What you need to do: The answer is the exact run of lines in the listing below from the line containing "Silver Rabbit Mirror" up to and including the line containing "German-born Ursula Printz", with pictures removed.

Records shown:
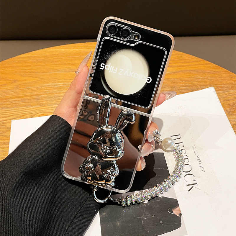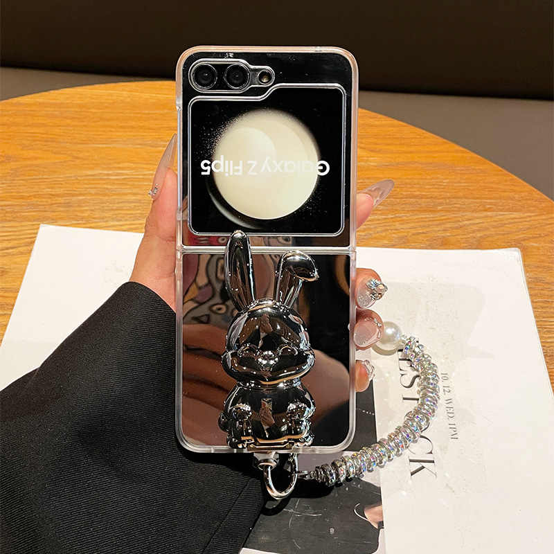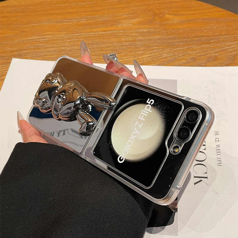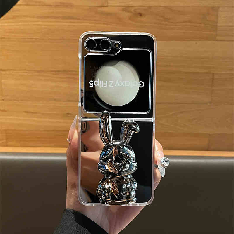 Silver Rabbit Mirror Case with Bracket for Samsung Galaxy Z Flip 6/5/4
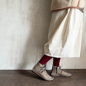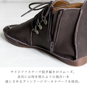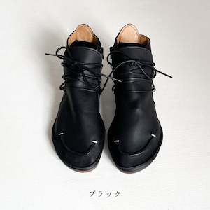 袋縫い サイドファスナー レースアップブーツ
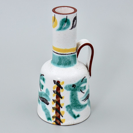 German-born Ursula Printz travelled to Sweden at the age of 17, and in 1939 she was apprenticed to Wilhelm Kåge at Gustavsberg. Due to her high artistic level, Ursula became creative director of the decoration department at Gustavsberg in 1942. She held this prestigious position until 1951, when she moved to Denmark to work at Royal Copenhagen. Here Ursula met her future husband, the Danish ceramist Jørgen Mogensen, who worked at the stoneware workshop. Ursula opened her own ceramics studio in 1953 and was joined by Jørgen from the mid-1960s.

* * *

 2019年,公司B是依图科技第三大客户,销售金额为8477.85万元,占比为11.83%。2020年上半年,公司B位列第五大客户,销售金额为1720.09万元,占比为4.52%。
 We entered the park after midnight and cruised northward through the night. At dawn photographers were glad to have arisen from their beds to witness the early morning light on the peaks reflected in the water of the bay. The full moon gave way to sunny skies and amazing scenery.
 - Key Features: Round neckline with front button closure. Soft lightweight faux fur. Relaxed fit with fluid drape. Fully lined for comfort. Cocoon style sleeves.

Response area:
 Silver Rabbit Mirror Case with Bracket for Samsung Galaxy Z Flip 6/5/4
 袋縫い サイドファスナー レースアップブーツ
 German-born Ursula Printz travelled to Sweden at the age of 17, and in 1939 she was apprenticed to Wilhelm Kåge at Gustavsberg. Due to her high artistic level, Ursula became creative director of the decoration department at Gustavsberg in 1942. She held this prestigious position until 1951, when she moved to Denmark to work at Royal Copenhagen. Here Ursula met her future husband, the Danish ceramist Jørgen Mogensen, who worked at the stoneware workshop. Ursula opened her own ceramics studio in 1953 and was joined by Jørgen from the mid-1960s.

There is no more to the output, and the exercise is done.